Merete Haahr

Personal information
- Born: 18 November 1924
- Died: 17 March 2004 (aged 79)

Chess career
- Country: Denmark

= Merete Haahr =

Danish chess player (1924–2004)

Merete Haahr (18 November 1924 – 17 March 2004) was a Danish chess player, Danish Women's Chess Championship eight-times winner.

==Biography==
From the early 1950s to the mid-1980s, Merete Haahr was one of the leading chess players in the Denmark. Eight times she won the Danish Women's Chess Championships: 1952, 1958, 1959, 1962, 1966, 1967, 1970 (after a play-off) and 1975. She sixth times participated in Women's World Chess Championship Zonal Tournaments: 1963, 1966, 1972, 1975, 1982 and 1987.

Merete Haahr played for Denmark in the Women's Chess Olympiads:
- In 1957, at second board in the 1st Chess Olympiad (women) in Emmen (+4, =1, -6),
- In 1969, at first board in the 4th Chess Olympiad (women) in Lublin (+3, =3, -5),
- In 1976, at second board in the 7th Chess Olympiad (women) in Haifa (+4, =3, -5),
- In 1978, at second board in the 8th Chess Olympiad (women) in Buenos Aires (+3, =7, -4),
- In 1980, at second board in the 9th Chess Olympiad (women) in Valletta (+4, =2, -4),
- In 1984, at first board in the 26th Chess Olympiad (women) in Thessaloniki (+2, =1, -8).

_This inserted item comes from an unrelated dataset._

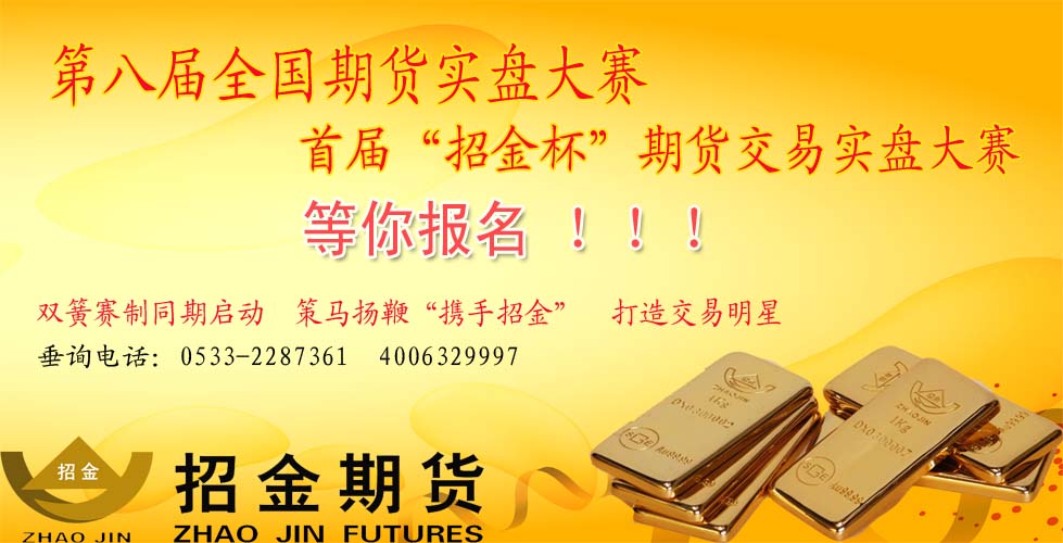 期貨日?qǐng)?bào)主辦的第八屆全國(guó)期貨實(shí)盤交易大賽3月28日開賽,招金期貨作為大賽指定的期貨通道平臺(tái),開戶即可免費(fèi)參加比賽,現(xiàn)有招金客戶可直接參賽。各種資金規(guī)模,各種交易方法給您充分展示的舞臺(tái)。首屆“招金杯”期貨交易實(shí)盤大賽也同步開賽。兩賽聯(lián)袂,一次報(bào)名即可同時(shí)參加,比賽實(shí)行雙重獎(jiǎng)金制度,全國(guó)實(shí)盤大賽總獎(jiǎng)金130萬(wàn),招金期貨總獎(jiǎng)金150克黃金!一次參賽,雙份獎(jiǎng)金,低門檻投入,高額回報(bào)。招金期貨將竭誠(chéng)為參賽者提供報(bào)名、咨詢、指導(dǎo)等各項(xiàng)服務(wù),幫您實(shí)現(xiàn)冠軍夢(mèng),歡迎各位投資者積極參與!

Merete Haahr played for Denmark in the Nordic Chess Cups:
- In 1971, at sixth board in the 2nd Nordic Chess Cup in Großenbrode (+3, =1, -1) and won team silver medal,
- In 1972, at sixth board in the 3rd Nordic Chess Cup in Großenbrode (+2, =1, -1) and won team silver medal,
- In 1973, at fifth board in the 4th Nordic Chess Cup in Ribe (+1, =1, -3) and won team gold medal.